Wie oben schon bemerkt, können wir keine genügende Erklärung für diese Entwicklung geben. Man kann darauf hinweisen, dass die Praxis der ausgebauten „Demokratie“ gleich ihre Unzulänglichkeit bewiesen hat. Doch ist das nicht genügend, die mehr revolutionäre Gesinnung der städtischen Arbeiter zu erklären. Ihre Arbeitsbedingungen sind etwas besser als in den „privaten“ Betrieben, ihre „Rechtsposition“ ist besser gesichert, sie werden nicht so stark von den Schwankungen der „Konjunktur“ betroffen. In Beziehung zur „Privatwirtschaft“ haben sie ohne weiteres etwas zu verlieren.

Eine experimentelle Untersuchung nach den ideologischen Verhältnissen bei diesen Arbeitern ist durchaus wichtig.

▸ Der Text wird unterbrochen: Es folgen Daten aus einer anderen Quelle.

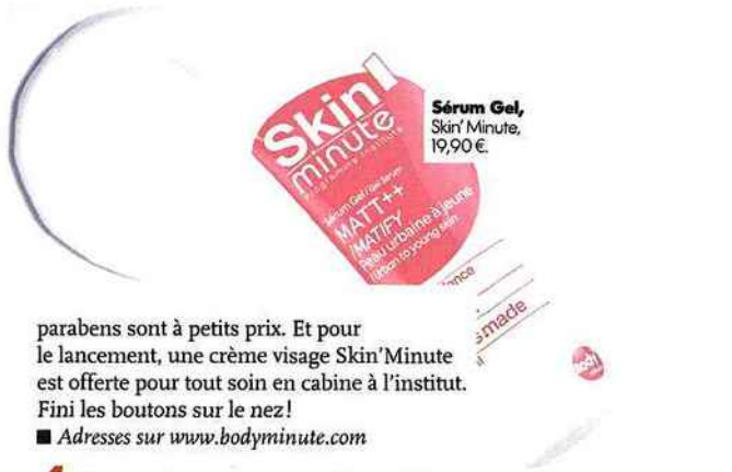
Sérum Gel, Skin'Minute, 19,90 €.

Les instituts Body Minute lancent Skin'Minute, une gamme de soins pour peau jeune et urbaine (traduire polluée). Lotion purifiante, masque, sérum, crème de jour, les produits sans

Der Form nach haben diese Arbeiter also die revolutionäre B.O. verwesentlicht, dem Inhalt nach aber noch lange nicht. Diese Bewegung ist als revolutionäre Bewegung schließlich auch zum Tode verurteilt, weil sie bis jetzt doch nicht MEHR als eine Gewerkschaftsbewegung ist. Wie sie jetzt schon auf das tote Gleis geschoben wird, untersuchen wir nächste Woche.